2023 Design Awards: NSU Jewett Regional Science Education Center

Awarded 2023 AIASD Merit Award
Content and photos provided by TSP Inc.

Northern State University is recognized for its teacher-education degree programs, so it was natural for NSU leaders to envision their new science building as a resource not only for college students but also for the larger area’s K-12 school districts and other organizations.

The design for the Regional Science Education Center considers needs for faculty and students of all ages. Our architects, engineers, planners, and interior specialists provided specialty lab programming and design to provide NSU, the Aberdeen community, and the state’s northeast region with a cutting-edge facility that offers room to grow.

Located along Northern State University’s primary entry, the new facility has transformed how Northern State University introduces itself to prospective students, potential faculty, and the Aberdeen community.

The building’s large canopy serves as a porch for this new front door to campus. Activity in the lobby and science laboratories is visible through the ultra-clear glass of the curtainwall.

North poral. Photographed by Matt Winquist.
North “porch.” Photographed by Matt Winquist.

The front porch spills inside to a vibrant, NSU-branded, two-story student hub. A landscape-based detail along the perimeter helps connect the indoors to the outdoors.

The student hub puts education on display, immersing users in science. Founded to train teachers, NSU now has a building that makes education as visible and transparent as possible – its mission made public.

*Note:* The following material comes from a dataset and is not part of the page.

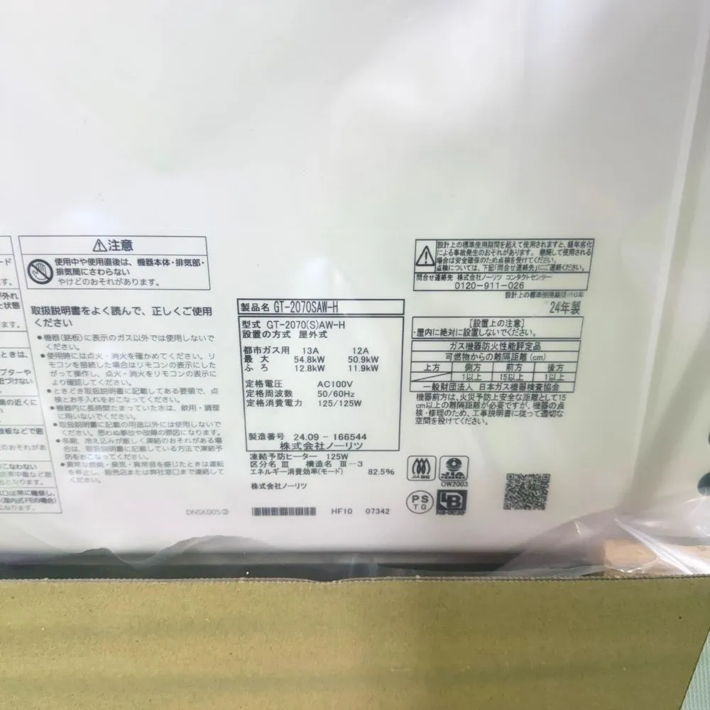 【福岡在庫】 ノーリツ GT-2070SAW-H 20号 オート PS扉内 上方排気延長形 都市ガス 24年製 未使用品 アウトレット

Student hub from second level. Photographed by Matt Winquist.
Student hub from main level, looking south toward laboratories. Photographed by Matt Winquist.

The exterior also features the science programs offered within the building, using the landscape as an educational and teaching tool on South Dakota ecosystems. A greenhouse, outdoor classroom, and educational arboretum punctuate the “backyard.”

Site landscape diagram. Public building amenities/circulation in purple.
“Backyard” viewed from second level. Photographed by Matt Winquist.
South courtyard with jewel-box greenhouse. Photographed by Matt Winquist.

The backyard also incorporates a contemporary colonnade aligned with existing campus pathways, promoting walkability across the University. The building’s eastern edge actively engages the street – three student collaboration spaces project over the sidewalk, framing a new urban edge for the campus. A custom mesh scrim reinforces this edge further, diffusing light and complementing the building’s brick tones.

Colonnade and pathway aligned with adjacent Johnson Fine Arts Center. Photographed by Matt Winquist.
East facade, featuring collaboration pods with custom spandrel glass. Photographed by Matt Winquist.

The walkability of the streetscape below the pods is enhanced by visually connecting it to the corridors inside, making for an engaging pedestrian experience both outside and within the building. Colors between the interior and exterior coordinate to promote campus brand.

East facade, looking north. Photographed by Matt Winquist.
Interior hallway along student collaboration pods. Photographed by Matt Winquist.
View through mesh scrim to hallway beyond. Photographed by Matt Winquist.

With all the branding and color provided at key nodes of the building, part of its design success stems from intentional nods to the existing campus architecture. One particular detail is the vertical brick coursings that protrude from the facade along various elevations. This creates a unique texture and shadow that accents the verticality of the building, taking its inspiration from (while simultaneously contrasting with) the horizontality of brick ribbing present on other collegiate-gothic buildings on campus.

The AIA SD Merit Award winner was a joint venture between TSP and SmithGroup. TSP is a multidisciplinary firm established in 1930 that specializes in education, community, and healthcare architecture and engineering. It has five offices in three states (three offices in South Dakota). Other partners included Kyburz-Carlson/Henry Carlson (CMAR) and the Office of the State Engineer. The project also achieved LEED Silver for its low energy use, exceptional thermal envelope, and use of environmentally sustainable materials and products throughout.

Closeup of east facade. Photographed by Matt Winquist.

Featured Image: Northeast facade. Photographed by Matt Winquist.